• This site uses cookies. By continuing to use this site, you are agreeing to our use of cookies. Learn more.

Fixed Invalid UTF8 sequence in truncated message(?)

Kent

Active member
#1
Someone had the bright idea to make their "about" field a giant blob of stacking diacritics, which went over the hard-coded limit of 65535 characters.

Stacking diacritics look like this, and can be posted fine when under the character limit:
Code:
ก็็็็็็็็็็็็็็็็็็็็กิิิิิิิิิิิิิิิิิิิิก้้้้้้้้้้้้้้้
When submitting a message of only those characters repeated beyond the character limit, this error occurs:
Code:
Zend_Db_Statement_Mysqli_Exception: Mysqli statement execute error : Data too long for column 'about' at row 1 - library/Zend/Db/Statement/Mysqli.php:214
When submitting the same message prefixed by a single-byte character, this error occurs:
Code:
Zend_Db_Statement_Mysqli_Exception: Mysqli statement execute error : Incorrect string value: '\xE0\xB8\x81\xE0\xB9\x87...' for column 'about' at row 1 - library/Zend/Db/Statement/Mysqli.php:214
After poking around, it seems the TEXT max length is 65535 bytes, but XenForo is splitting the string by characters.
 

Mike

XenForo developer
Staff member
#2
So part of this was a miscalculation on our part, though it is a bit of an consistency within MySQL. When you say VARCHAR(255) on a UTF-8 column, it actually means 255 characters. However, when you have a text column, the limit (65KB, 16MB, etc) is actually a byte limit and thus is affected by the variable length of UTF-8. Our count/length checks are done as characters across the board.

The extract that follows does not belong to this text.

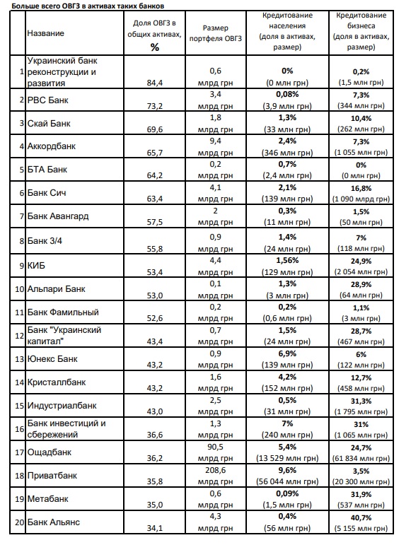 А вообще на 1 апреля разбивка ОВГЗ по банкам такая:

The safest thing here, with respect to about and signatures is to enforce a much lower limit. MySQL UTF-8 is normally only supports 3 byte characters, so that puts the worst case space limit as ~21000 characters but I've changed it to limit to 20000. Furthermore, I'm actually applying limits to the length of these fields to fit with the maximum message length as well.